After reading some blog from 2007, I realized (though I already know) that when people fall in love, they usually feel, think and act about the same things. We do everything to be with the beloved person even if it means hurting another human being subconsciously. We tend to surround ourselves with the beloved even if it’s wrong or even if we were not sure we’d have a hold on them for a long time. There’s no concept of right or wrong when it comes to love, anyway… Most of the time we’re forced to face the options of fighting for the people we love or leaving them alone with their own lives. They’d fight for us if they wanted to be with us, right?
We girls usually think that guys should make the first move.
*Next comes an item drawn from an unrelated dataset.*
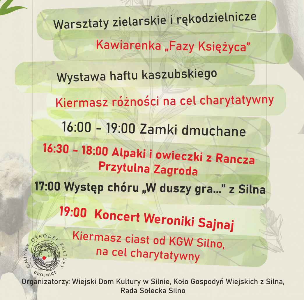 Podczas Festynu odbędą się warsztaty rękodzielnicze i zielarskie, będzie wystawa haftu kaszubskiego, kiermasz różności oraz ciast z miejscowego KGW na cel charytatywny. Dla dzieci będą obowiązkowe na festynach dmuchańce oraz alpaki i owieczki. Na scenie wystąpi chór z Silna pn. „W duszy gra…” oraz Weronika Sajnaj z ChCK.

Although we exhale so much hints that we like them, we don’t actually tell them straightforwardly that we like them during the first few days. Or weeks. Or even months. We wait for them to notice our pagpapa-cute and then we pray so hard for them to approach us first. To ask for our numbers and ask us out. We think that they’ll do everything to be a part of our lives. But what about us trying to make more effort to be part of their lives?
L♥VE. It’s so complicated, you give up trying to understand it. But when the time comes that you’d actually fall in love, you’d start concluding that…
Love is in the eyes of the person you care so much about. It’s the warm feeling that flows in your veins when you see him smile. It’s being happy knowing that he’s happy. It’s kissing him with your eyes closed, smiling in between smooches. It’s the warm feeling you get when you know he got home safely after an amazing day together. It’s cuddling on the couch on a lazy Saturday afternoon. It’s holding him in your arms, consoling him, smoothing out his hair, wishing that time would stop. Then you know you could actually die right then and there, ‘cause you know you already got what you want. Or not yet.
I believe each one of us has their own definition of love. It varies from person to person. The definition, that is. But what we feel when we are in love could all be the same things. Being in love connects us with other people. It’s understanding each other without rationally thinking why we do.
Love is the person we personally love. They’re literally everything we have that we’d die the moment we lose them.